Saved entries

|---|

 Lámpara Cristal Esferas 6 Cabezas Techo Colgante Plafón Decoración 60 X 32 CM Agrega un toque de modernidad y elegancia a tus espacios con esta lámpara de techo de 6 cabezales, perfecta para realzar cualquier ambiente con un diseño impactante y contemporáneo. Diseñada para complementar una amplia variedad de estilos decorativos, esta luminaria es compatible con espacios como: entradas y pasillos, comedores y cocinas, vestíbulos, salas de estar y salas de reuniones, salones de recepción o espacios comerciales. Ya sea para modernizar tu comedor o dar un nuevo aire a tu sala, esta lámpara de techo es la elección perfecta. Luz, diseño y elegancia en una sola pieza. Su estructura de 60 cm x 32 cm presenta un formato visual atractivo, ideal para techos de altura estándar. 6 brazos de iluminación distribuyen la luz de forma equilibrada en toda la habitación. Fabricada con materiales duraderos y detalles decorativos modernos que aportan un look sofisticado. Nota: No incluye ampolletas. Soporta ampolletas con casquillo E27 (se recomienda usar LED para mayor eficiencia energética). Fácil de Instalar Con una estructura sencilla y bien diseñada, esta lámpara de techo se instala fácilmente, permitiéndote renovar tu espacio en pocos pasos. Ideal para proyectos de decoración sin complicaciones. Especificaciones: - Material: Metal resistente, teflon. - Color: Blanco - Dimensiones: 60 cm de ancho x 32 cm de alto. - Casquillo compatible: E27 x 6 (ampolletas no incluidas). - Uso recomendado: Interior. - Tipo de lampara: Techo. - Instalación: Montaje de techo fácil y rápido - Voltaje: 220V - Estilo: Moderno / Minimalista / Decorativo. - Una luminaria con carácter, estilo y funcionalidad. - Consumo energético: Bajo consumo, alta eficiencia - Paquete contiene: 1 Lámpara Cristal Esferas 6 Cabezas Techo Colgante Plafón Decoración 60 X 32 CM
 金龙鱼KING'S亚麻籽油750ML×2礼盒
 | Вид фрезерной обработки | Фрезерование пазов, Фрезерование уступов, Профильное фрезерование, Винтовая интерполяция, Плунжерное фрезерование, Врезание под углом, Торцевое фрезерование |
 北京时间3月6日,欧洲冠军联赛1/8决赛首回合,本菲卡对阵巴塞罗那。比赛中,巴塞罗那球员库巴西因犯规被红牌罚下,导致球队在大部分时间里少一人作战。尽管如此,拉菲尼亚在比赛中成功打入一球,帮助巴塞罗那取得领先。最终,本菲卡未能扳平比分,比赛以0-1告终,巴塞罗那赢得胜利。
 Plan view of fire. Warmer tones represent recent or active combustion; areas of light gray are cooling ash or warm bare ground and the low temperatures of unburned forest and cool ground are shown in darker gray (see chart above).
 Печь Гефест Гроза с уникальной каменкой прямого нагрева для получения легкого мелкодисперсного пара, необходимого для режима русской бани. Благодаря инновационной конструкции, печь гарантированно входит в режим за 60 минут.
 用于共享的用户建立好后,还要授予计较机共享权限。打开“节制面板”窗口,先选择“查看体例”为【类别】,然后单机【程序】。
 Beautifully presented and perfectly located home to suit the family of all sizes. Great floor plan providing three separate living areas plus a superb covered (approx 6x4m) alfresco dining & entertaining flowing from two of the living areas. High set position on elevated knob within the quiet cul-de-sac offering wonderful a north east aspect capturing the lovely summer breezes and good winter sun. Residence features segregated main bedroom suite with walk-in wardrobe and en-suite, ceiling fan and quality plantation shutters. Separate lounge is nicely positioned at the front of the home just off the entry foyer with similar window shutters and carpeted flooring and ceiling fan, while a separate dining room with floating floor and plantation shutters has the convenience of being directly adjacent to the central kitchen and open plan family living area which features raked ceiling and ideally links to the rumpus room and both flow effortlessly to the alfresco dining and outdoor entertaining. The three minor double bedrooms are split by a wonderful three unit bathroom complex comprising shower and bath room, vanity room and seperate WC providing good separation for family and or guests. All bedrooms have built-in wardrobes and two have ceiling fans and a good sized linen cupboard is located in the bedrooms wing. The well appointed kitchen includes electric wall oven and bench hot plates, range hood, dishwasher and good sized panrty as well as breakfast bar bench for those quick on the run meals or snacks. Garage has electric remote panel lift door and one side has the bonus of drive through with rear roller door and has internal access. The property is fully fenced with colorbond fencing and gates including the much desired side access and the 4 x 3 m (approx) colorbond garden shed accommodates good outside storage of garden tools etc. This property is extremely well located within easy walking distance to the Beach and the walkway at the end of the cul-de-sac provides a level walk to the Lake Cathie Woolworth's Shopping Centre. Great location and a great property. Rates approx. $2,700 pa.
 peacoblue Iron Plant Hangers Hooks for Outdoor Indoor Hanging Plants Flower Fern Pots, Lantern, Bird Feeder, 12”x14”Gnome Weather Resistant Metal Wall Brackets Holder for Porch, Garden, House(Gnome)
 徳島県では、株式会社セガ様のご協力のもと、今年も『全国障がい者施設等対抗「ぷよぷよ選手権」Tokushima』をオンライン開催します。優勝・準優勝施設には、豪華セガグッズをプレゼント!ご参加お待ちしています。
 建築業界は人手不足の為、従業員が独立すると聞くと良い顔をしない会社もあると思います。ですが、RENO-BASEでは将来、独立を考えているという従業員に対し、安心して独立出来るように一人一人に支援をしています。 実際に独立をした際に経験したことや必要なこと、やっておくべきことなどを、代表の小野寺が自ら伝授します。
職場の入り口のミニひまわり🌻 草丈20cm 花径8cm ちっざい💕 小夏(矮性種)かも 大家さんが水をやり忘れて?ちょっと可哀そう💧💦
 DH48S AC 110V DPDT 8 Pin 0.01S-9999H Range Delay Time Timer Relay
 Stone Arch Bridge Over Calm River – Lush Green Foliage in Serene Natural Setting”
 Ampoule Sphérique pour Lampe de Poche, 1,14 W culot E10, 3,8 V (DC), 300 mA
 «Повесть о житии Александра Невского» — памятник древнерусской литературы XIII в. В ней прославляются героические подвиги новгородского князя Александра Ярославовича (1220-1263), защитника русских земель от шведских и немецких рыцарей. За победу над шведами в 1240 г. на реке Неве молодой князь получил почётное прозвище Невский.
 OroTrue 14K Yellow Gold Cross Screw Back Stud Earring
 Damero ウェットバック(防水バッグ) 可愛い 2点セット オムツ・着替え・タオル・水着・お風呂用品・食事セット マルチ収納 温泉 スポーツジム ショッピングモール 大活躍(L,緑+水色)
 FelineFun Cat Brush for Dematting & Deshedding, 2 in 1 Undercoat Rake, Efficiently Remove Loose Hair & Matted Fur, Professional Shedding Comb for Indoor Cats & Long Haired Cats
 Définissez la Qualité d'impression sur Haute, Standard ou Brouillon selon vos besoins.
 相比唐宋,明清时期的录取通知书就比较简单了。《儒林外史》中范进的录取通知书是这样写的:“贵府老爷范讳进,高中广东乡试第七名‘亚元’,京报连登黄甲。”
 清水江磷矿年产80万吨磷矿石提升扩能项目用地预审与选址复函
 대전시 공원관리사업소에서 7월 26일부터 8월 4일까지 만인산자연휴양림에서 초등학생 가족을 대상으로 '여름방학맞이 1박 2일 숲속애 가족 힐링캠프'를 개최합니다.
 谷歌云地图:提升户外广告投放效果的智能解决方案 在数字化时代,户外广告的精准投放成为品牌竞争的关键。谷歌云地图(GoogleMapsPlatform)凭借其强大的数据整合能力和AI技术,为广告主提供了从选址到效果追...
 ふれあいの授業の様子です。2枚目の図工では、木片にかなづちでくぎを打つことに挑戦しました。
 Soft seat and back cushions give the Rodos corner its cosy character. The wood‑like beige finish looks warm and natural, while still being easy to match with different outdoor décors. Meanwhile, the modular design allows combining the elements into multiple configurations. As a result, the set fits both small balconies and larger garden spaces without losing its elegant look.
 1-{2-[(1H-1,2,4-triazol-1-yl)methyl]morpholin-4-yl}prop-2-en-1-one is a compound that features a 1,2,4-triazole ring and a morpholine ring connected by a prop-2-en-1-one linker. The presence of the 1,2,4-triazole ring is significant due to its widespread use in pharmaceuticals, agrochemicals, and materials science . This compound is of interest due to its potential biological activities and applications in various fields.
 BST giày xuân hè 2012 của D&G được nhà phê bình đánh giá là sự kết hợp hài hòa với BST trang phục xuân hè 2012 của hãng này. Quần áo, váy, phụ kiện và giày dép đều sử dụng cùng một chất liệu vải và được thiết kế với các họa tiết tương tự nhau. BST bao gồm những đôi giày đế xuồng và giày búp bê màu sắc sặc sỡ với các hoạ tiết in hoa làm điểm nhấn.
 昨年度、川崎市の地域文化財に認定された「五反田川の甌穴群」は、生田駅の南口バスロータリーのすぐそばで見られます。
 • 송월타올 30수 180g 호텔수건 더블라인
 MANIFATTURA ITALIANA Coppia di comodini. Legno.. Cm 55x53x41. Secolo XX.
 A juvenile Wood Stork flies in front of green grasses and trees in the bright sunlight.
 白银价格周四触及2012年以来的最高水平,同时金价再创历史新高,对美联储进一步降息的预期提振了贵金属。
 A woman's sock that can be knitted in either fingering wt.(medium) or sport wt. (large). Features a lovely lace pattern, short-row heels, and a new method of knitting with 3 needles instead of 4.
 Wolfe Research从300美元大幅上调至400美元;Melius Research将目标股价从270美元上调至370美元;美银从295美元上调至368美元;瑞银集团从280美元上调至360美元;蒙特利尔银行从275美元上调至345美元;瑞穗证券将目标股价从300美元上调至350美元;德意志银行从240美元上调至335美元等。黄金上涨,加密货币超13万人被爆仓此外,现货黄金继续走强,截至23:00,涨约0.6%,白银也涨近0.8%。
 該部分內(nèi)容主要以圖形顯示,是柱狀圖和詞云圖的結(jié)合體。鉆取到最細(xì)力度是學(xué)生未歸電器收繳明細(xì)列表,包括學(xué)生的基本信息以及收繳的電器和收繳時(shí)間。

|---|

* What needs to be done: Only the lines of the data holding the string "that" are wanted; copy each of them.

* Exercise response:
 1-{2-[(1H-1,2,4-triazol-1-yl)methyl]morpholin-4-yl}prop-2-en-1-one is a compound that features a 1,2,4-triazole ring and a morpholine ring connected by a prop-2-en-1-one linker. The presence of the 1,2,4-triazole ring is significant due to its widespread use in pharmaceuticals, agrochemicals, and materials science . This compound is of interest due to its potential biological activities and applications in various fields.
 A woman's sock that can be knitted in either fingering wt.(medium) or sport wt. (large). Features a lovely lace pattern, short-row heels, and a new method of knitting with 3 needles instead of 4.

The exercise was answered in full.